**Task**
Output the lines of the records below exactly, beginning at their first line and ending at the line with "SKULL FL HOTFIX RSTONE PS A SHIRT PLUS SIZE"; include no pictures.

**Source material**
========================
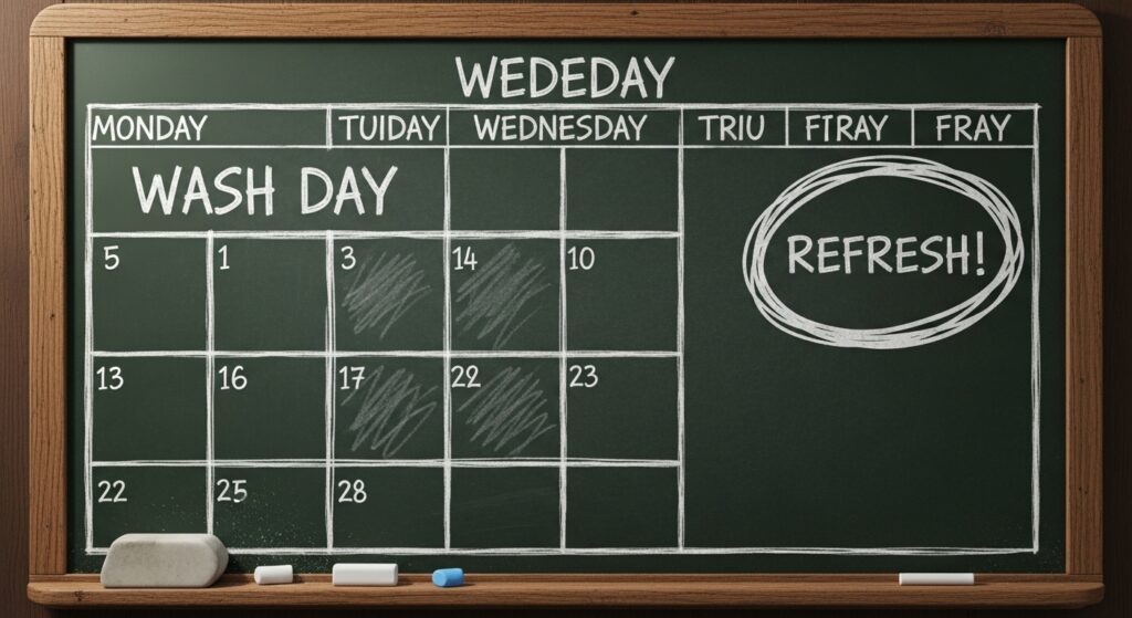 You can refresh daily if needed, but listen to your hair. If it starts to feel coated or heavy, that’s a sign to wash. For most, a solid refresh on Wednesday or Thursday gets them to wash day.
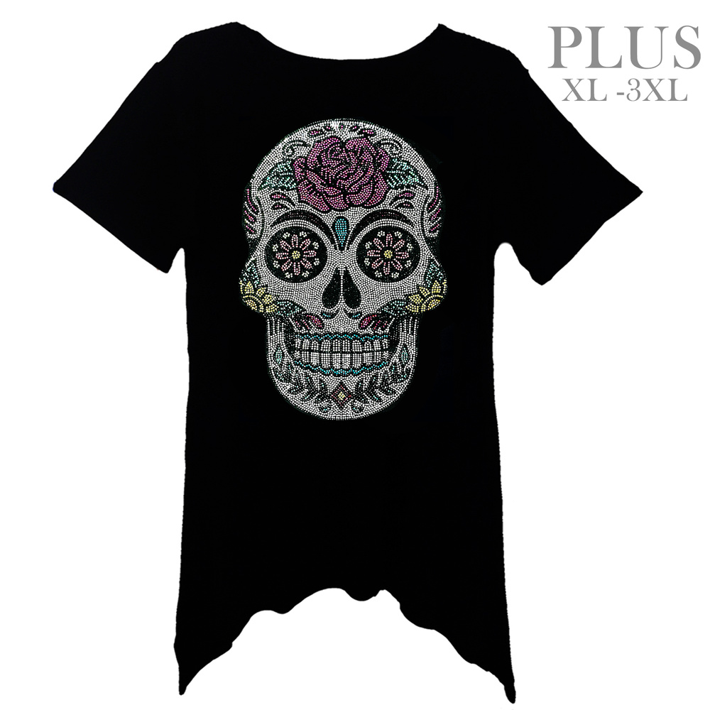 SKULL FL HOTFIX RSTONE PS A SHIRT PLUS SIZE
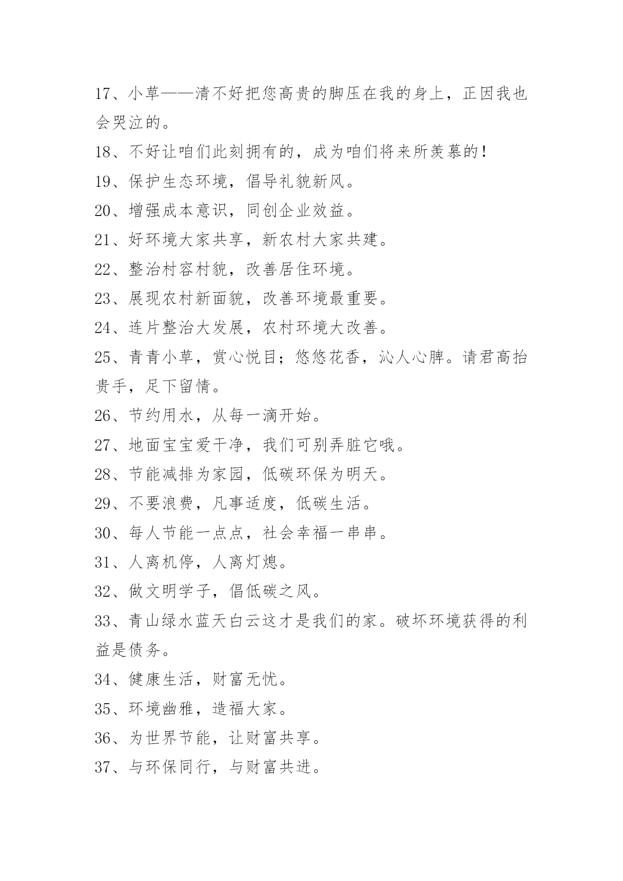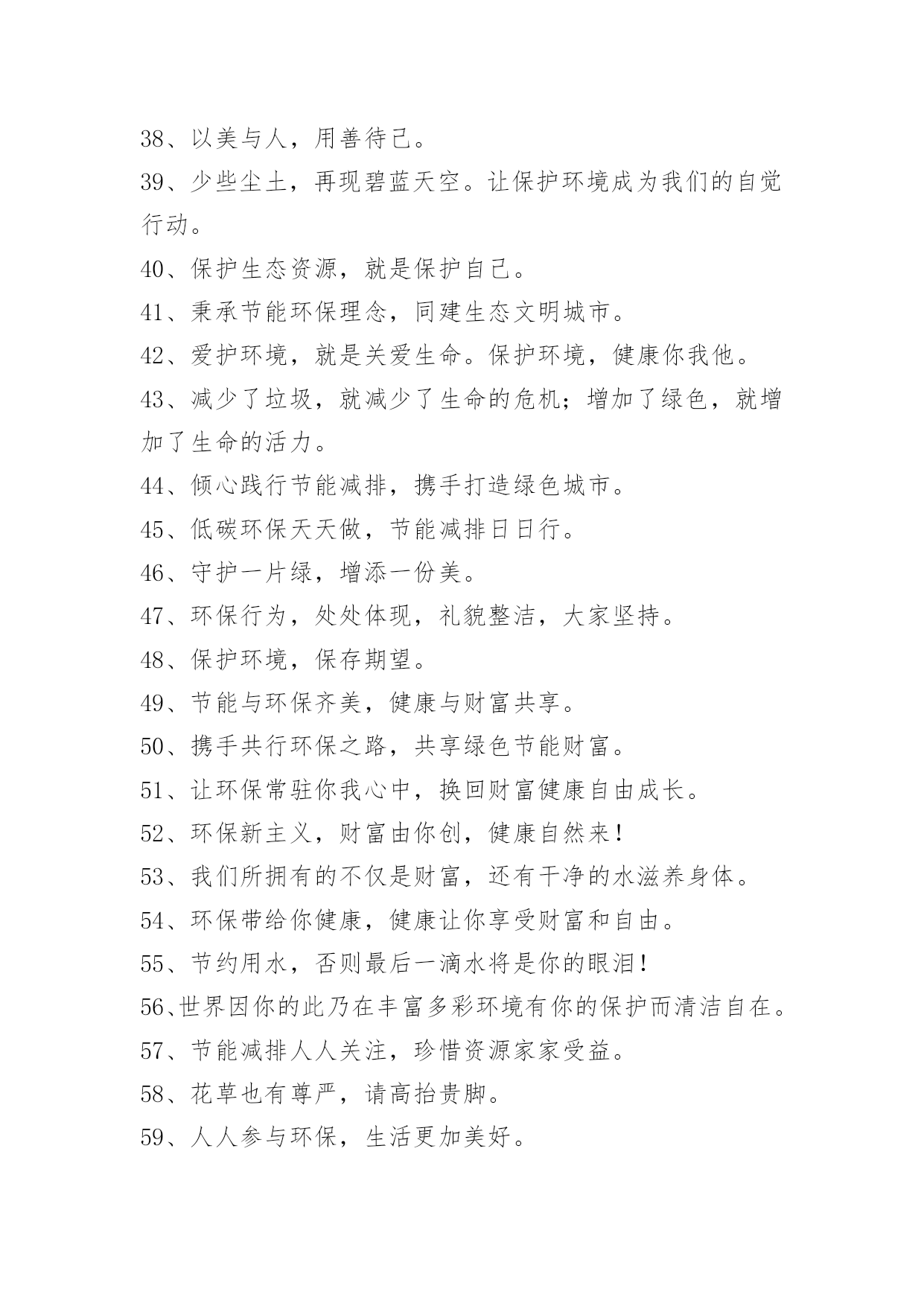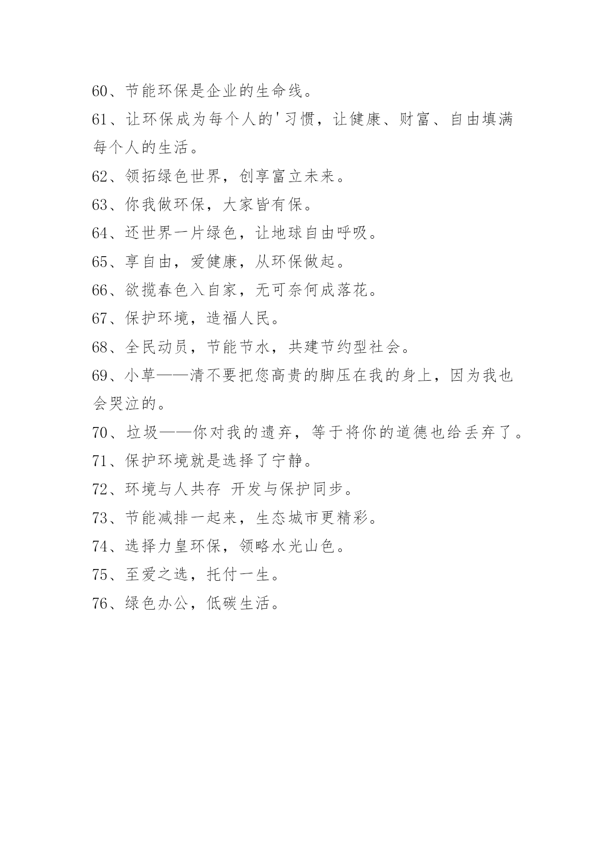 有个性的环保口号有个性的环保口号汇总76句关掉显示器比任何屏幕保护都省电。以下是小编搜索整理的有个性的环保口号76句,欢迎阅读,希望大家能够喜欢。1、杞人忧天,我忧地!——地球是我们唯一的家,像爱护生命一样爱护她。2、种一棵树,就像给校园一份礼物。3、这个世界真美好,到处都是树和草。保护环境很重要,我们大家要环保。4、好习惯要从小养成,好传统应自始至终。5、心随环境而变,为你打造心的空间。6、天更蓝、草更绿、花更艳。7、用我奔放情,饰你智慧心。8、你栽一棵树,我栽一棵树,我们共同为校园添绿。9、人类离不开花草,就像婴儿离不开母亲的怀抱。10、保护生态环境,共建美好遂昌。11、小草有生命,请君足留情。12、提高环境保护意识,爱护咱们共有家园。13、追求低碳生活,拥抱绿色时尚。14、你节能,我减排,秦岭母亲笑开怀。15、节能低碳大舞台,企业有你更精彩。16、用咱们的小手放飞绿色的期望。17、小草——清不好把您高贵的脚压在我的身上,正因我也会哭泣的。18、不好让咱们此刻拥有的,成为咱们将来所羡慕的!19、保护生态环境,倡导礼貌新风。20、增强成本意识,同创企业效益。21、好环境大家共享,新农村大家共建。22、整治村容村貌,改善居住环境。23、展现农村新面貌,改善环境最重要。24、连片整治大发展,农村环境大改善。25、青青小草,赏心悦目;悠悠花香,沁人心脾。请君高抬贵手,足下留情。26、节约用水,从每一滴开始。27、地面宝宝爱干净,我们可别弄脏它哦。28、节能减排为家园,低碳环保为明天。29、不要浪费,凡事适度,低碳生活。30、每人节能一点点,社会幸福一串串。31、人离机停,人离灯熄。32、做文明学子,倡低碳之风。33、青山绿水蓝天白云这才是我们的家。破坏环境获得的利益是债务。34、健康生活,财富无忧。35、环境幽雅,造福大家。36、为世界节能,让财富共享。37、与环保同行,与财富共进。38、以美与人,用善待己。39、少些尘土,再现碧蓝天空。让保护环境成为我们的自觉行动。40、保护生态资源,就是保护自己。41、秉承节能环保理念,同建生态文明城市。42、爱护环境,就是关爱生命。保护环境,健康你我他。43、减少了垃圾,就减少了生命的危机;增加了绿色,就增加了生命的活力。44、倾心践行节能减排,携手打造绿色城市。45、低碳环保天天做,节能减排日日行。46、守护一片绿,增添一份美。47、环保行为,处处体现,礼貌整洁,大家坚持。48、保护环境,保存期望。49、节能与环保齐美,健康与财富共享。50、携手共行环保之路,共享绿色节能财富。51、让环保常驻你我心中,换回财富健康自由成长。52、环保新主义,财富由你创,健康自然来!53、我们所拥有的不仅是财富,还有干净的水滋养身体。54、环保带给你健康,健康让你享受财富和自由。55、节约用水,否则最后一滴水将是你的眼泪!56、世界因你的此乃在丰富多彩环境有你的保护而清洁自在。57、节能减排人人关注,珍惜资源家家受益。58、花草也有尊严,请高抬贵脚。59、人人参与环保,生活更加美好。60、节能环保是企业的生命线。61、让环保成为每个人的'习惯,让健康、财富、自由填满每个人的生活。62、领拓绿色世界,创享富立未来。63、你我做环保,大家皆有保。64、还世界一片绿色,让地球自由呼吸。65、享自由,爱健康,从环保做起。66、欲揽春色入自家,无可奈何成落花。67、保护环境,造福人民。68、全民动员,节能节水,共建节约型社会。69、小草——清不要把您高贵的脚压在我的身上,因为我也会哭泣的。70、垃圾——你对我的遗弃,等于将你的道德也给丢弃了。71、保护环境就是选择了宁静。72、环境与人共存开发与保护同步。73、节能减排一起来,生态城市更精彩。74、选择力皇环保,领略水光山色。75、至爱之选,托付一生。76、绿色办公,低碳生活。
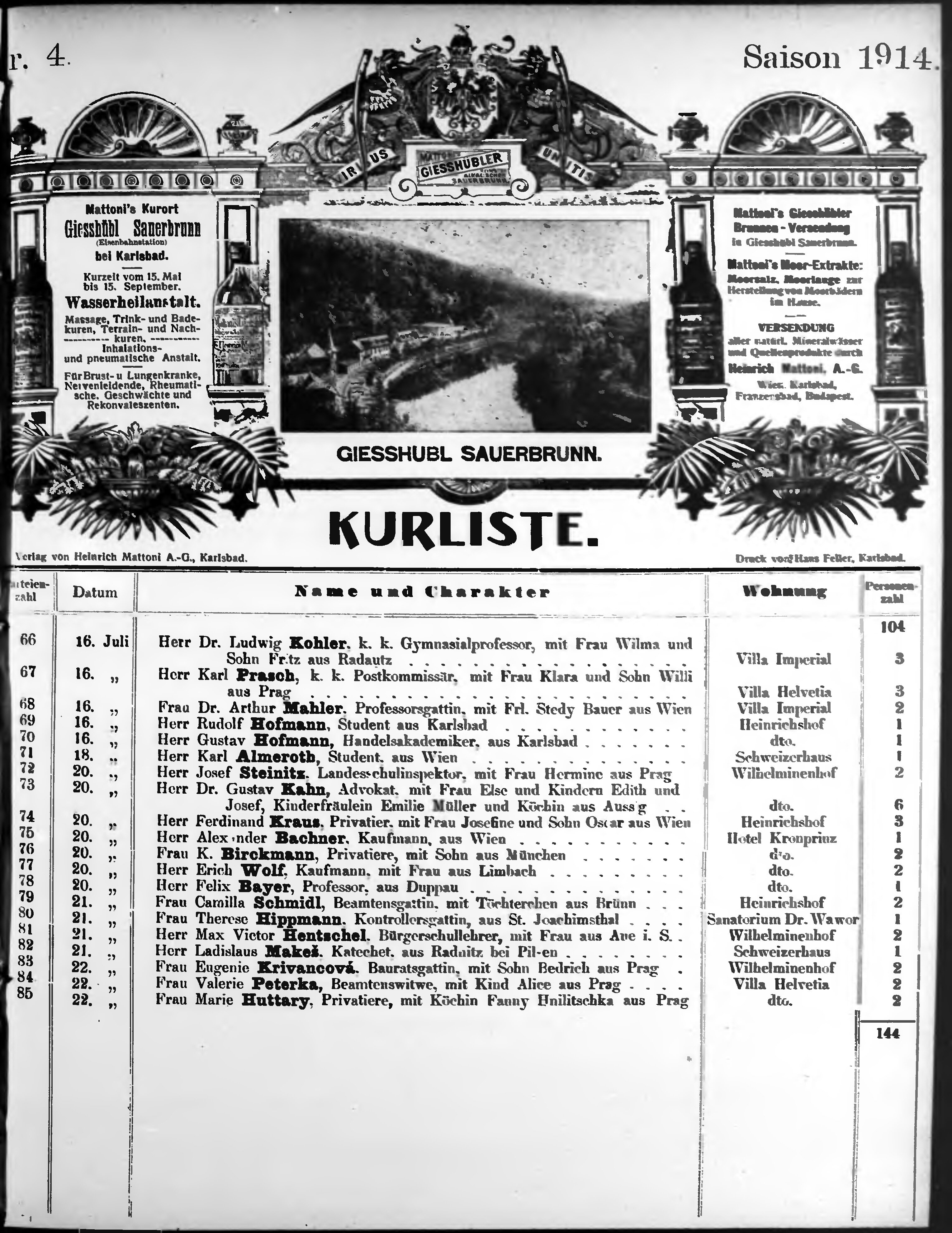 Liste der im Jahre ... angekommenen und abgereisten Kur- und Badegäste in Karlsb...
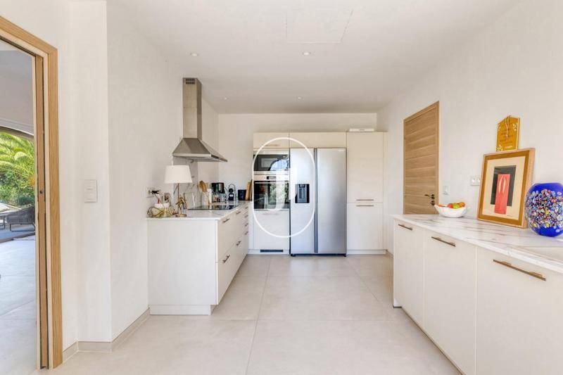 MAISONVilla moderne avec piscine et plage privée en vente à GassinCette propriété vous fait profiter du privilège exceptionnel d’avoir sa propre plage nichée dans la verdure à l’abri de tout regards et d’un garage à bateau. La villa d’environ 170m² édifiée sur deux niveaux à été rénovée en 2019. Toutes les pièces de la maison font face à la mer et se composent comme suit : une lumineuse pièce de vie avec cheminée, une cuisine ouverte entièrement équipée, un grand cellier et une première suite avec salle de bains et dressing, le tout donnant sur une belle terrasse aménagée avec cuisine extérieure. À l’étage inférieur, trois chambres avec salles d’eau profitant d’un accès direct à une seconde terrasse. Le terrain parfaitement arboré bénéficie d’une sublime piscine à débordement avec plage en teck ainsi que d’un espace parking pouvant accueillir trois véhicules. Produit exceptionnel unique à la vente dans notre agence immobilière de Saint-Tropez.La position face au Golfe de Saint-Tropez permet de bénéficier d’une superbe vue sur la mer, les collines du massif des Maures et jusqu’aux Alpes du Sud enneigés en hiver. En été, vous pourrez contempler depuis votre salon les plus beaux yachts du monde jeter l’ancre dans la baie ou encore suivre les courses de bateaux à voiles comme Sail GP ou Les Voiles de Saint-Tropez. Les plages de la Bouillabaisse et de la Moune se trouvent à quelques minutes et grâce à la piste cyclable devant la propriété, vous accéder facilement aux communes environnantes.La commune de Gassin se situe au centre du Golfe de Saint-Tropez et bénéficie d’un accès facile à Port-Grimaud, La Croix Valmer, aux plages de Pampelonne à Ramatuelle et au fameux village de Saint-Tropez. Gassin vient de confirmer son classement parmi les « Plus beaux villages de France ».Propriété à vendre par l’agence immobilière de Saint-Tropez / Ramatuelle.Grâce à notre partenariat exclusif avec Knight Frank, leader mondial de l’immobilier de prestige, Janssens Immobilier offre à chaque propriété une visibilité internationale exceptionnelle.Cette alliance renforce notre expertise locale par la puissance d’un réseau présent dans plus de 50 pays.Les informations sur les risques auxquels ce bien est exposé sont disponibles sur le site Géorisques : (Lien supprimé)Conformément à la réglementation en vigueur, la surface DPE de ce bien est établie sur la base d’un mesurage normé de la surface habitable. Ce mesurage peut différer de la surface totale mesurée avec précision par nos équipes commerciales.
========================
**Response for this exercise**
 You can refresh daily if needed, but listen to your hair. If it starts to feel coated or heavy, that’s a sign to wash. For most, a solid refresh on Wednesday or Thursday gets them to wash day.
 SKULL FL HOTFIX RSTONE PS A SHIRT PLUS SIZE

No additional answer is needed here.